→ Given data:
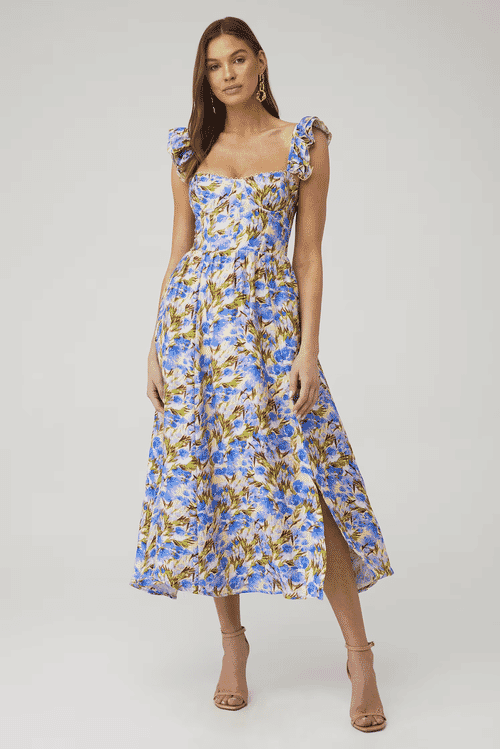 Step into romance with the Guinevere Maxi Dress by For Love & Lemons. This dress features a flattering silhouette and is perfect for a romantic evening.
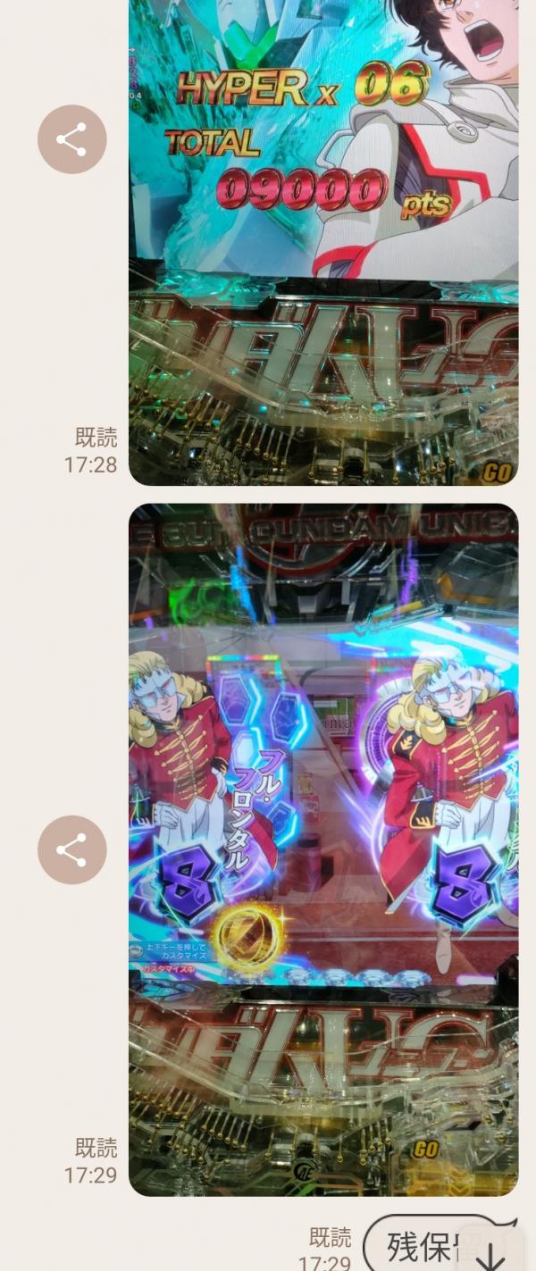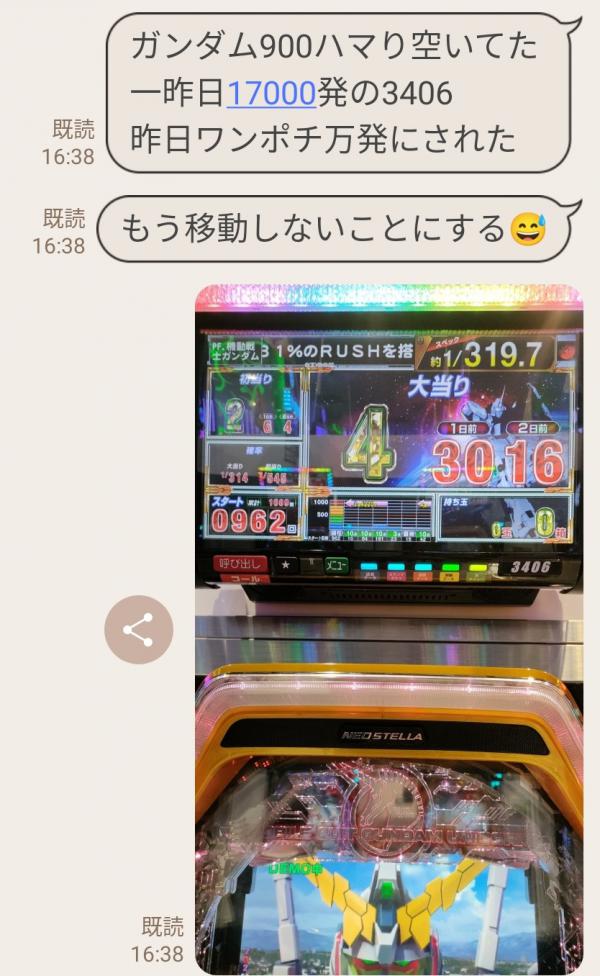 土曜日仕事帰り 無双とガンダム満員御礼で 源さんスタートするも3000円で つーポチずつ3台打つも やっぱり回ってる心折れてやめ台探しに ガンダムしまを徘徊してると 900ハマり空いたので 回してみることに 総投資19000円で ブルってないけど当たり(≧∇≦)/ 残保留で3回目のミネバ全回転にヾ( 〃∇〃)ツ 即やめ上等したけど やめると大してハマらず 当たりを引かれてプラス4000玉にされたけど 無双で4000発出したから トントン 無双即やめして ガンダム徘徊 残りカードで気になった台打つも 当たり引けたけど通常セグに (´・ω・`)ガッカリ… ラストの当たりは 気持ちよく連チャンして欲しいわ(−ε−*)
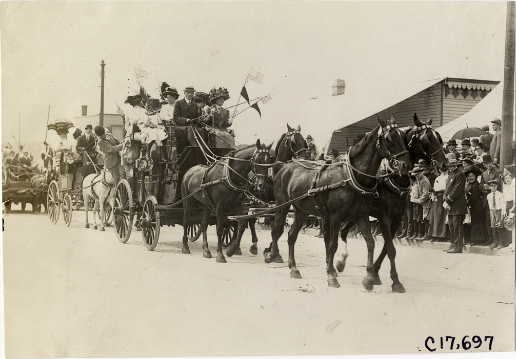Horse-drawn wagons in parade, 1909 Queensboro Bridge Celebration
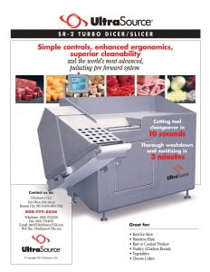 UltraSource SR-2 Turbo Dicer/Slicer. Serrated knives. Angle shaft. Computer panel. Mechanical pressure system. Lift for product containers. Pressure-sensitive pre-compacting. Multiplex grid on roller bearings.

→ What is needed: The answer must be the full listing, restated word for word, with no pictures in it.

→ Task response:
 Step into romance with the Guinevere Maxi Dress by For Love & Lemons. This dress features a flattering silhouette and is perfect for a romantic evening.
 土曜日仕事帰り 無双とガンダム満員御礼で 源さんスタートするも3000円で つーポチずつ3台打つも やっぱり回ってる心折れてやめ台探しに ガンダムしまを徘徊してると 900ハマり空いたので 回してみることに 総投資19000円で ブルってないけど当たり(≧∇≦)/ 残保留で3回目のミネバ全回転にヾ( 〃∇〃)ツ 即やめ上等したけど やめると大してハマらず 当たりを引かれてプラス4000玉にされたけど 無双で4000発出したから トントン 無双即やめして ガンダム徘徊 残りカードで気になった台打つも 当たり引けたけど通常セグに (´・ω・`)ガッカリ… ラストの当たりは 気持ちよく連チャンして欲しいわ(−ε−*)
Horse-drawn wagons in parade, 1909 Queensboro Bridge Celebration
 UltraSource SR-2 Turbo Dicer/Slicer. Serrated knives. Angle shaft. Computer panel. Mechanical pressure system. Lift for product containers. Pressure-sensitive pre-compacting. Multiplex grid on roller bearings.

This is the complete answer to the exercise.